Association of Lsb1 with nuclear-ER rim. A–G, representative images of live cells are shown. At least 100 cells were analyzed for each experiment. Wild type GFP-Lsb1 and its mutant derivatives were expressed from the copper-inducible promoter, P_CUP1. A, GFP-Lsb1 forms a rim and small dots at the cell periphery in 40–50% of cells growing at 25 °C. At 30 °C, GFP-Lsb1 is not present in the rim but is distributed over the cytoplasm and forms small dots in 96% of cells. B, GFP-Lsb1 rim, formed at 25 °C, is colocalized with the nuclear-ER rim. Live cells expressing GFP-Lsb1 from P_CUP1 were stained with Hoechst to indicate the positions of the nuclei. C, Lsb1 colocalizes with ER marker protein Sbh1. Proteins were expressed from plasmid promoters P_CUP1- mCherry-Lsb1 and P_GAL-GFP-Sbh1 for 18 h. Colocalization was detected in all cells. D, GFP-Lsb1 expressed from the P_CUP1 promoter colocalizes with nuclear envelope protein Mlp1-RFP expressed from endogenous promoter. Colocalization was detected in all cells.
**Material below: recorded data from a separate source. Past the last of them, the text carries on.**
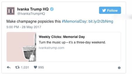 So Ivanka Trump, who as you know has the same common touch and mind meld with “the people” as her piece of shit father, used this sad and mournful day to tweet:
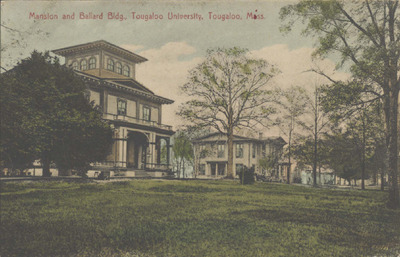 A color image of The Mansion (Robert O. Wilder Building) and the Ballard Building at Tougaloo University in Tougaloo, Mississippi is featured on this postcard. The mansion on the left is a three level building with dentil molding along the rooflines and arched windows on the top level and a lush, leafy tree obscuring the left corner of the building. The Ballard Building to the right is a two story building with trees growing in front of and beside it. the title of the card is printed in red along the top of the image.
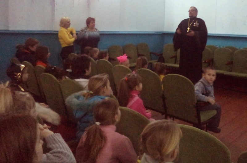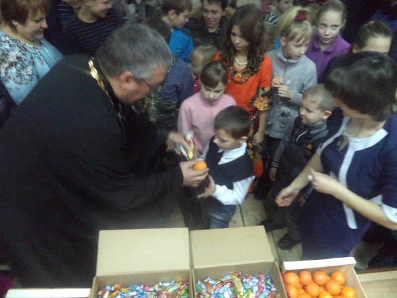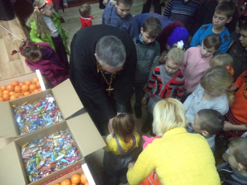 В селе Новопокровском иерей Илья принял участие в детском Рождественском утреннике, рассказал о празднике и раздал детям подарки.
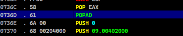 UPX 패킹의 특징은 'PUSHAD' ~ 'POPAD' 명령어 내부에서 압축해제 코드가 실행 되고 'POPAD' 명령어 실행 후 'JMP' 명령어를 통해 OEP로 이동하는 구조라는 것이다.
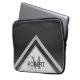 This modern laptop sleeve for men features a geometric design with a customisable name and monogram in a white marble and silver frame on black background.
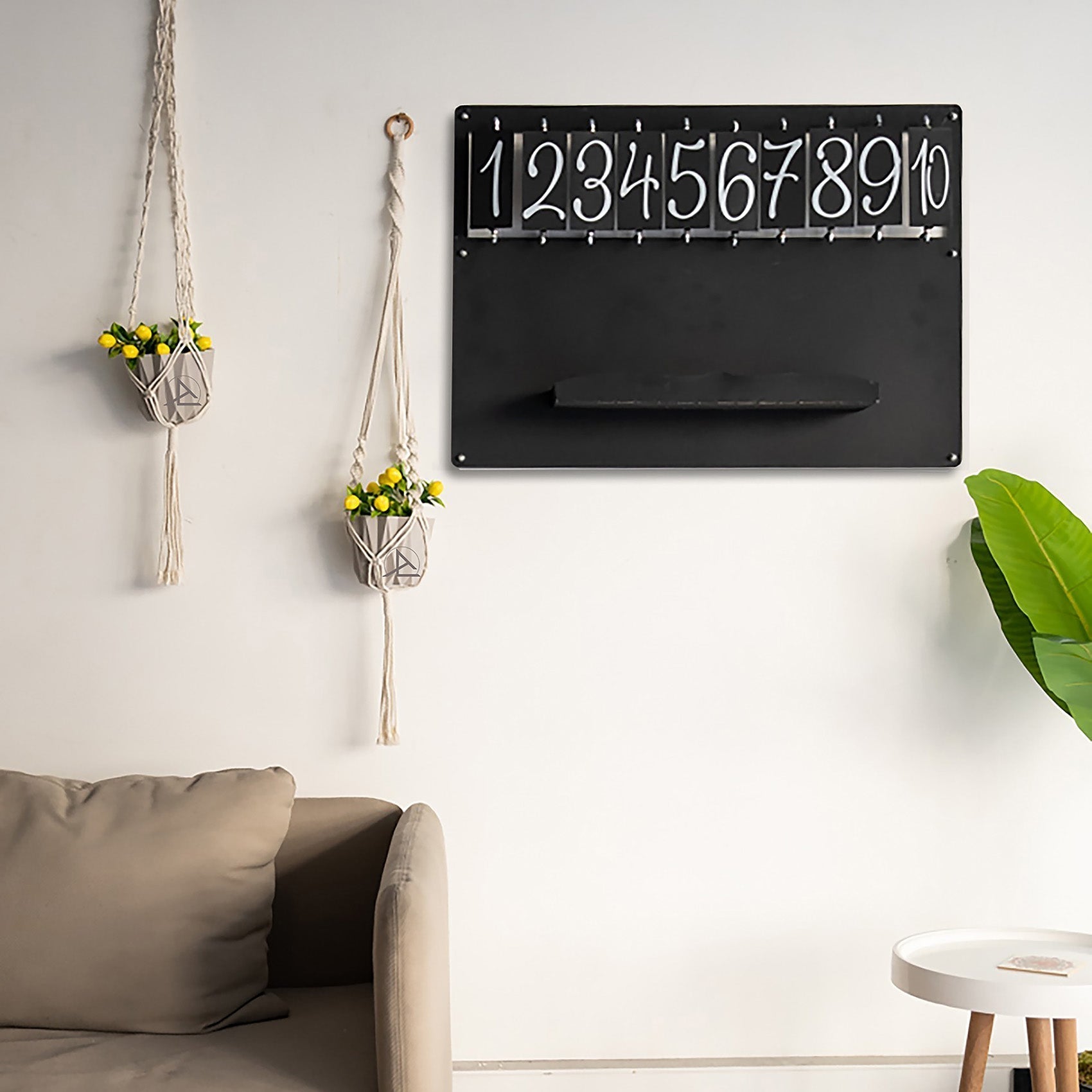 You will need two screws and wall plugs to hang the board. We wanted to inform you that we do not include hardware with the product, as our customers may require different types of screws or nails to securely hang it on the wall. -
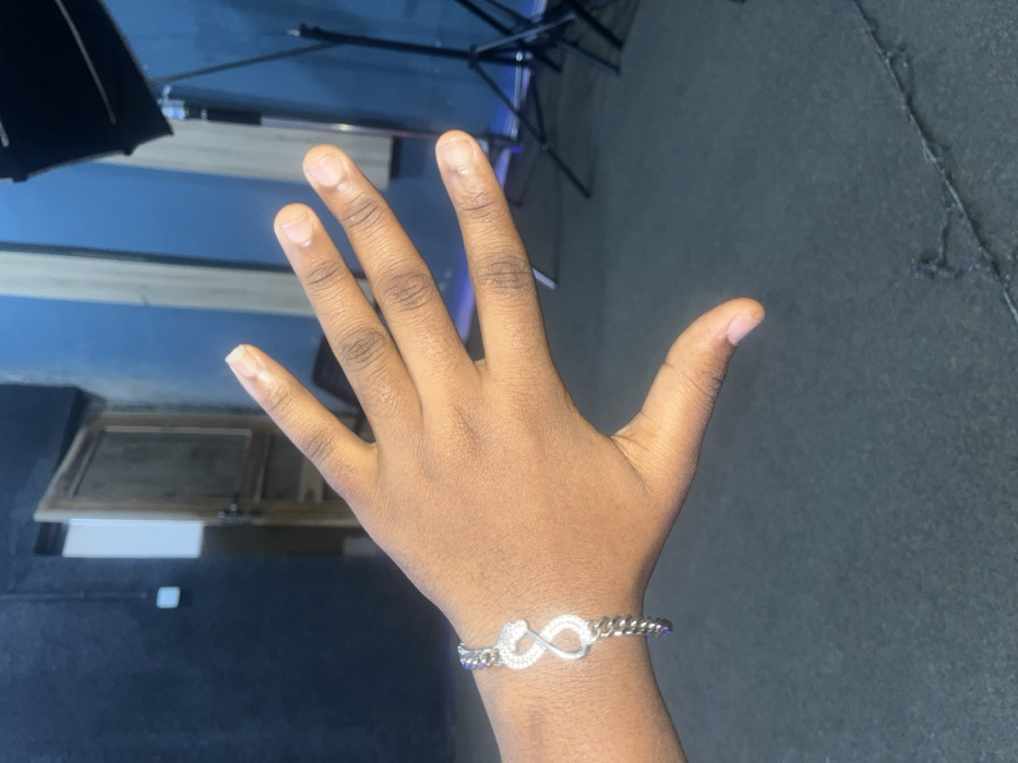 The image displays a human left hand, palm down and fingers splayed, oriented with the fingertips towards the top right. The hand exhibits a medium-brown skin tone with naturally trimmed, unpolished fingernails. A silver-colored curb chain bracelet is worn on the wrist, featuring a central infinity symbol encrusted with small clear stones. One end of the infinity symbol is fashioned into a stylized snake head. The background on the left side reveals a dark wall with a light-colored electrical switch or outlet. A partially open wooden door with vertical panels is visible further back. The background on the right features a blue wall with vertical light-colored architectural elements or panels. Studio lighting equipment, including a black softbox mounted on a tripod stand, is present on the right, with another tripod stand partially visible behind it. The floor is dark gray or black, possibly concrete, with a noticeable seam or crack running horizontally in the lower frame. The scene is illuminated by artificial light. This indoor setting is located in Jos, Nigeria.
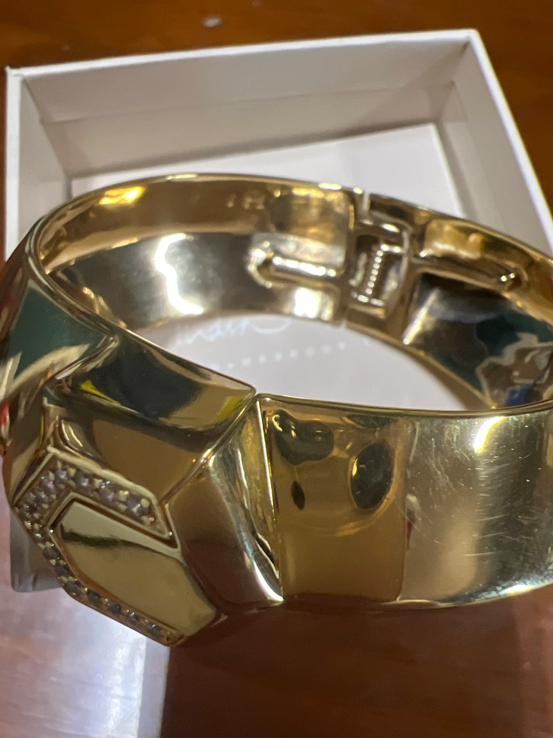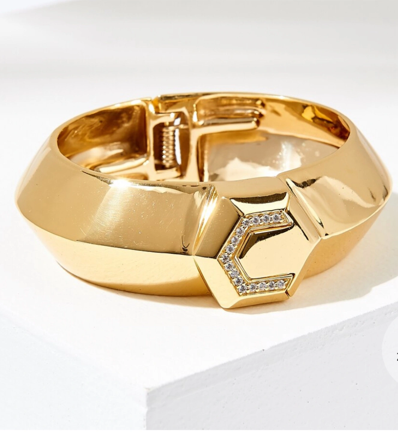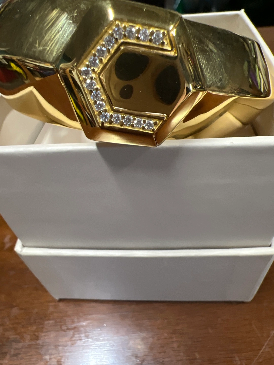 60This India Hicks bracelet features a striking geometric design in a warm gold tone, making it a standout piece in any jewelry collection. The bracelet's bold, angular cut-outs create a captivating play of light and shadow, adding a modern, sculptural quality to its appearance. Perfect for those who appreciate contemporary elegance and craftsmanship. NIB Retired- 3 available Cross posted
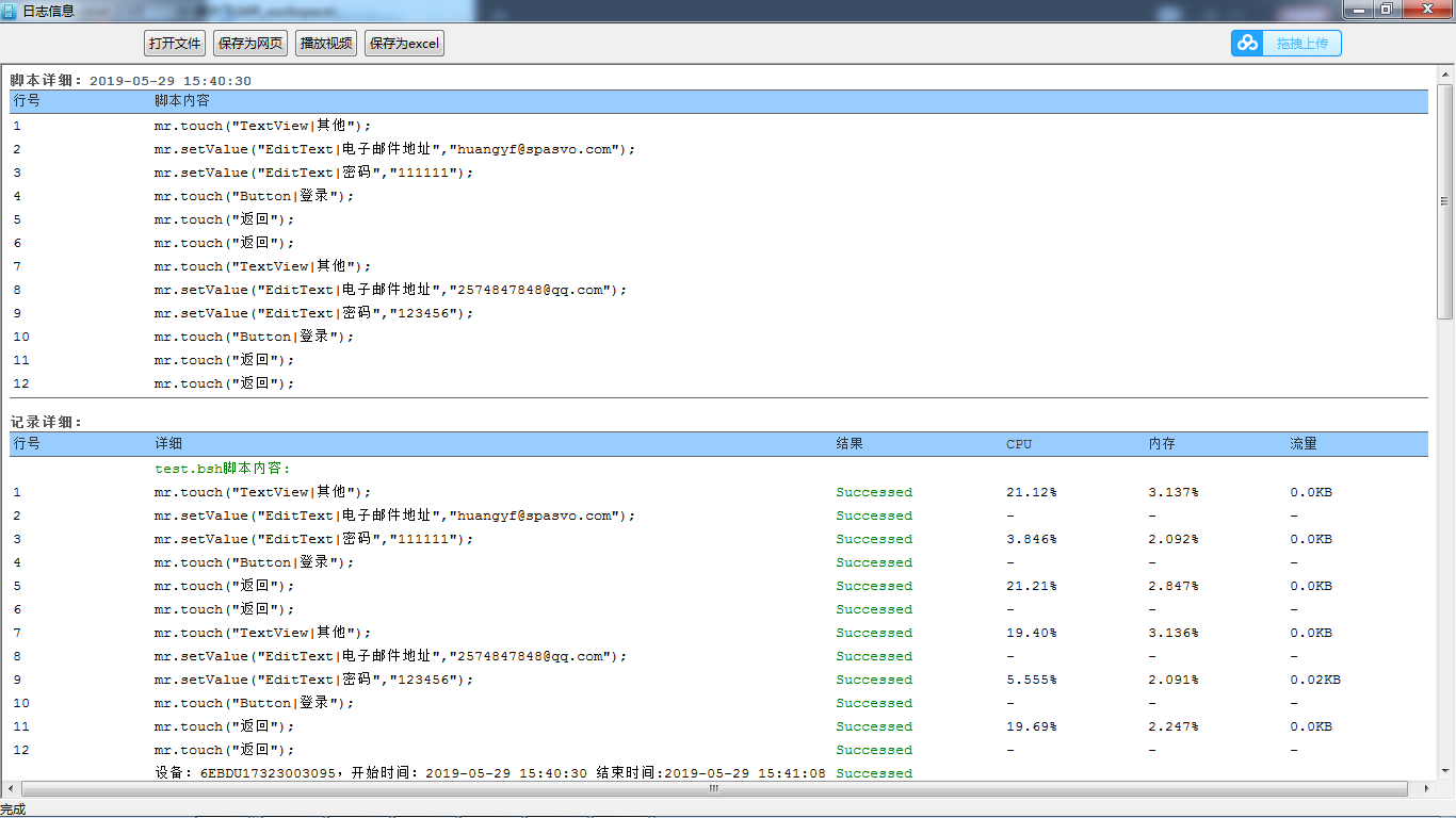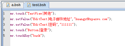 下面是将脚本的第二句和第三句进行参数化,使它执行上面参数表中的输入电子邮件地址为huangyf@spasvo.com密码为111111以及电子邮件地址为2574847848@qq.com密码为123456的操作,参数化脚本如下:
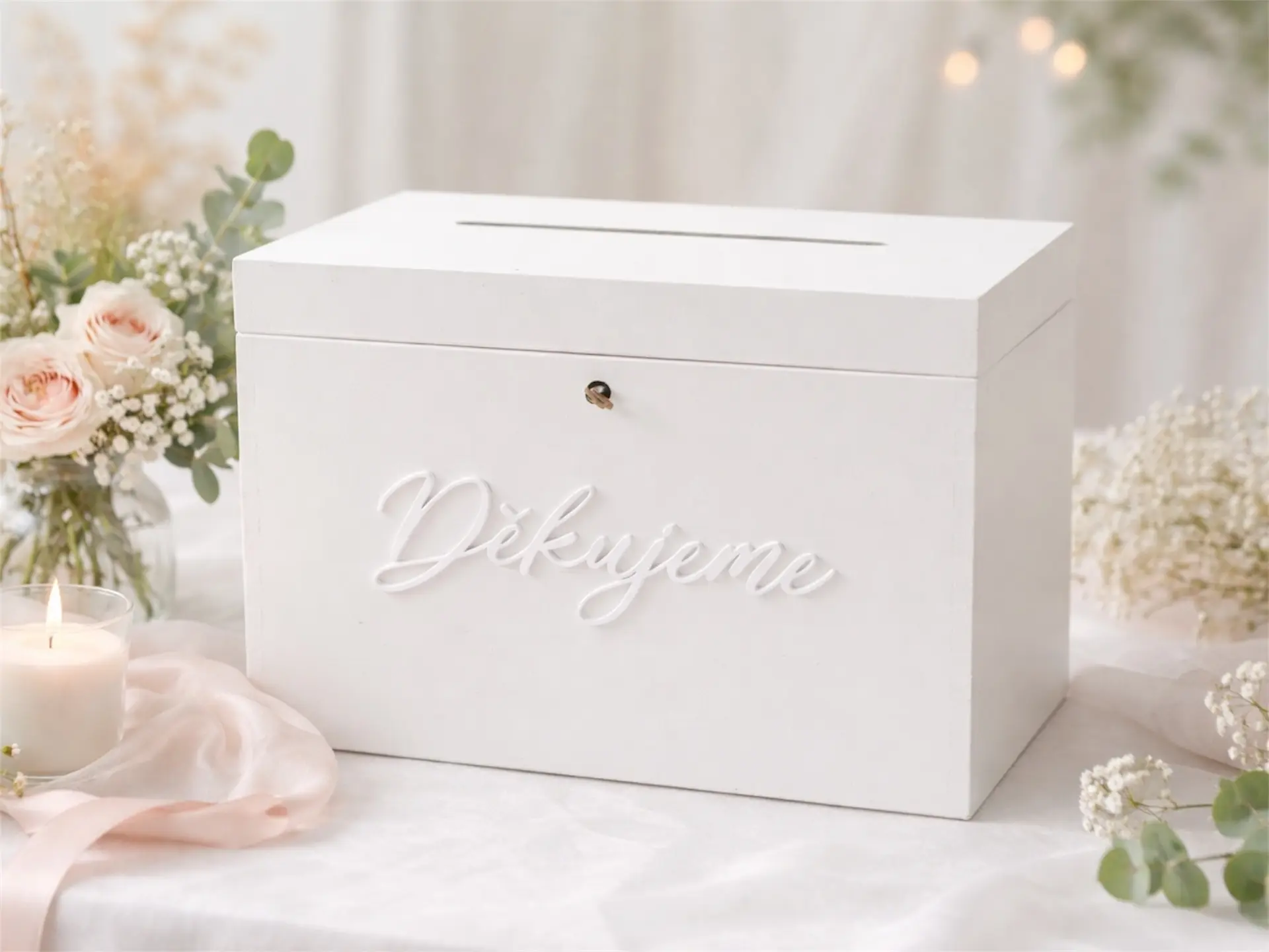 Bílá svatební truhla slouží jako bezpečné místo pro obálky, přání i finanční dary od hostů. Je uzamykatelná, takže máte jistotu, že vše zůstane v bezpečí po celý svatební den.

E, GFP-Lsb1 mutant deficient in processing (Y182A,Y183A) is present in the nuclear nuclear-ER rim in 40–50% of cells, whereas the truncated version (1–183 amino acids) corresponding to the processed form of Lsb1 is observed only in the cytoplasm in all cells growing at 25 °C. F, ubiquitination affects localization of Lsb1 to the nuclear-ER rim. GFP-Lsb1 WT and mutants not deficient in ubiquitination (K41R and W90S) do not associate with the nuclear-ER rim in almost all cells growing at 30 °C. However, Lsb1 mutants deficient in ubiquitination (K79R, and K41R,K79R, and P135A,P136A) associate with the nuclear-ER rim in 60–80% of cells growing at 30 °C. The W90S mutant, defective in interaction with Las17, does not form small dots as has been reported previously. G, deletion of get2Δ abolishes localization of wild type and ubiquitination-deficient (P135A,P136A) mutant GFP-Lsb1 to nuclear-ER rim at 25 °C.